A high school student who had already been at the facility for five months, with both of his parents joining him for the past month, told CBS News he had also been suspended from school after falling in with a group of friends “who could be considered bad influences.”
“We spent whole nights at internet cafes, sometimes we drink alcohol, sometimes I don’t go home for three or four days. I spent more than 10 hours a day online. At my worst I went to sleep every two days,” the boy said. “Here, I have something to do. I wake up at 5:50 a.m. and do morning exercises and jogging. After lunch we have group therapy and lectures. I think it’s hard for trainees to recognize the improvements… it’s progressive. Every time you take a small step you won’t realize how far you’ve climbed until you’re already on the mountain top. When you’ve returned to real life people around you might see you in a different way.”
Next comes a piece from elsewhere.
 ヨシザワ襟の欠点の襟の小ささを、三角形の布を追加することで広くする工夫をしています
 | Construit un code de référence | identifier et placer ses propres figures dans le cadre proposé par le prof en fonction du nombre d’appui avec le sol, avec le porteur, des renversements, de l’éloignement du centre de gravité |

But while the new rules may help keep more children out of centers like Tao’s, it’s not good news for the companies behind the games.
What else is behind it?
“I think it’s quite bad news for some of the homegrown tech companies” Haswell told CBS News of the new gaming limits. “I think Tencent is going to struggle the most.”
Tencent is the creator of the massively popular “Honor of Kings,” the world’s top-grossing video game for much of this year. On August 3, the same day the criticisms were published by Chinese state media outlets, Tencent’s stock plunged 10%, shedding $60 billion in market capitalization. Its shares have managed to rebound since then.
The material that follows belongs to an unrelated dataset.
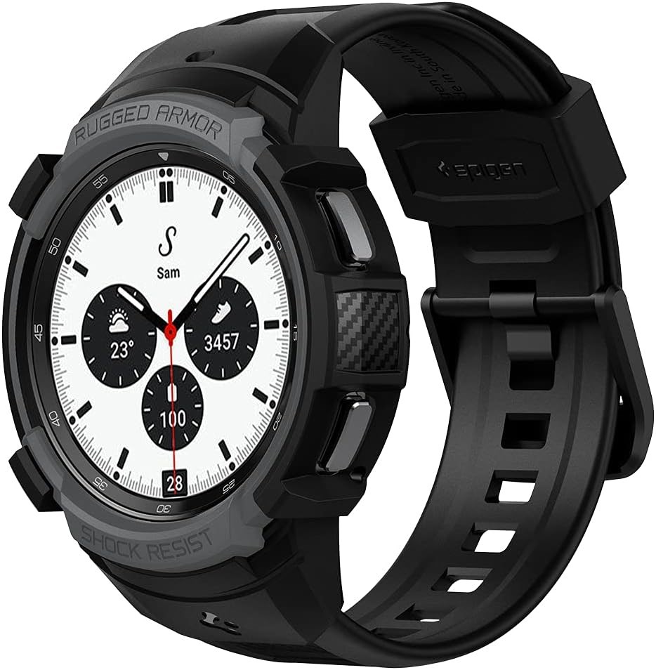 Spigen Rugged Armor Pro, разработанный специально для Galaxy Watch 4 Classic, с ремешком 42 мм — цвет «угольно-серый»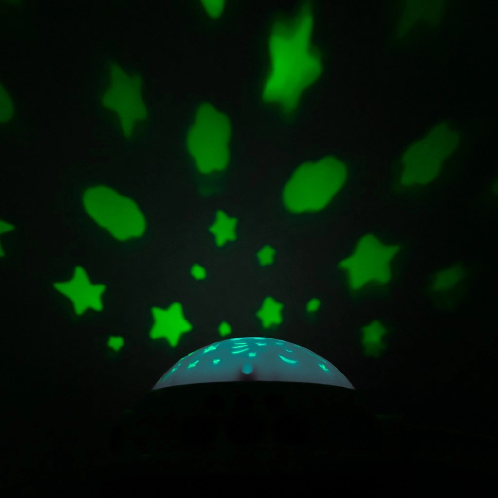 Projektoren projicerer farvede stjerner og kan bruges som natlampe. Den skaber en behagelig stemning, der beroliger babyen og forbereder den på søvn.

“I think it’s an attempt to try and bring more equality,” said Haswell, a technology partner at Pinsent Masons. “At the same time, maybe it’s a bit heavy handed, maybe the crackdown is now punishing those who have succeeded.”
The new online gaming limits are part of a wide crackdown that goes well beyond videogames, and the motivation likely goes well beyond just protecting children. This year Beijing hasin the technology sector, including Alibaba, often referred to as the Amazon of China, and Didi, known to many as the Uber of China, allegedly over personal data concerns.
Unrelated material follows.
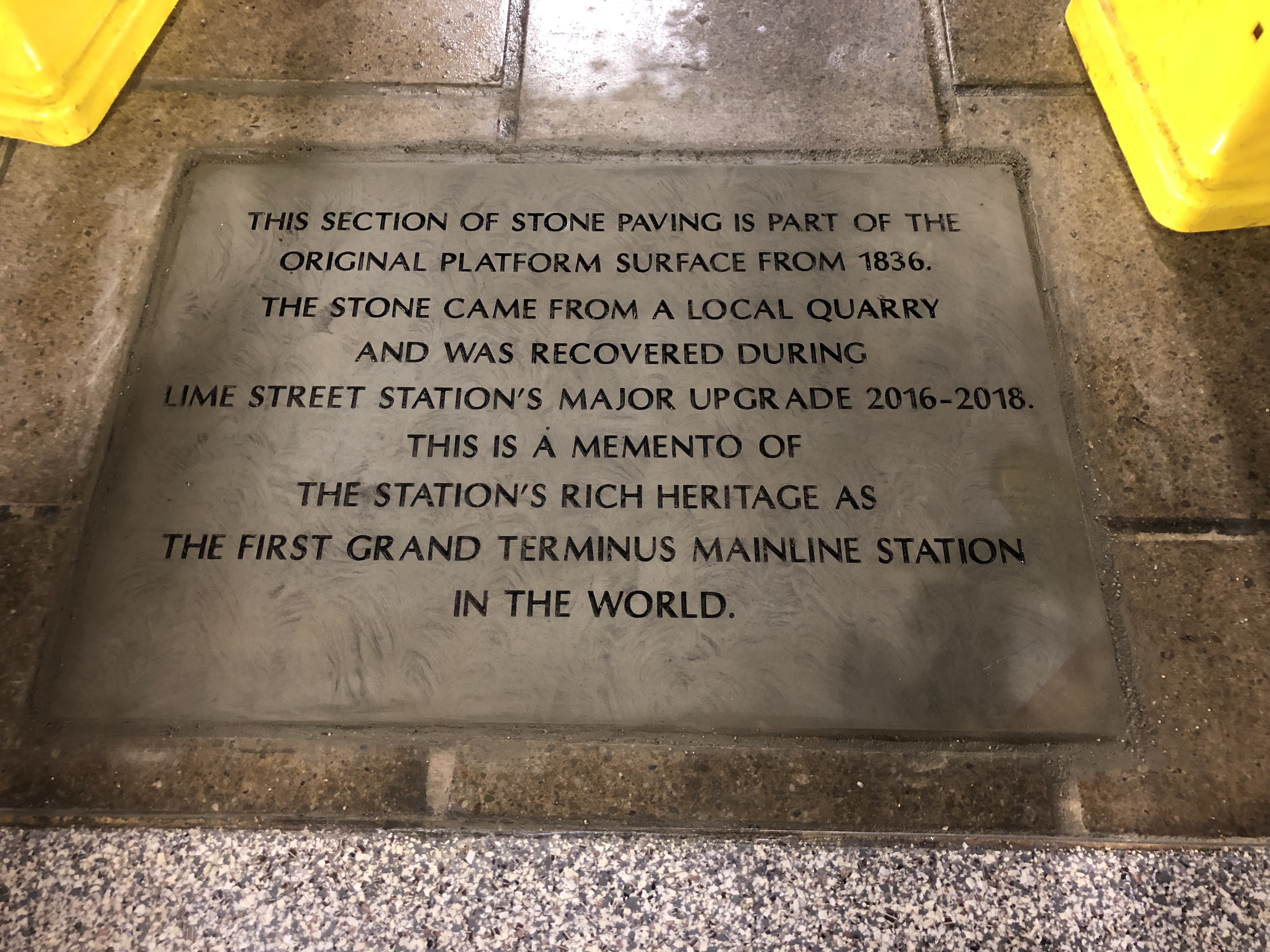 Yorkstone paving slab inscription at Lime Street Station

Authorities have also changed the rules for popular online tutoring companies, long accused of giving people who can afford such services a competitive advantage over less wealthy families who cannot. They can no longer charge for their core academic services.
Some of China’s biggest celebrities have also seen their online profiles wiped from China’s internet over the past few months, for reasons that haven’t exactly been made clear.
Haswell says the overall crackdown on the digital space likely stems from a combination of factors, including how much data large technology companies have stored, how much influence individuals wield in Chinese society, and concerns over people gaining new, harder to monitor spaces to communicate.
“Remember, online games are, by their very nature, social. And it’s another social space that would have to be regulated. Think of how much censorship is going on in terms of the internet in China,” said Haswell. “The online chat rooms related to a game might be harder to moderate.”
With this latest set of new rules, Beijing has made it clear that protecting — many would say policing — the country’s next generations is more important than any corporate interest. It’s also a clear message to those next generations, and the biggest companies in China, that there is no power greater than the ruling Communist Party.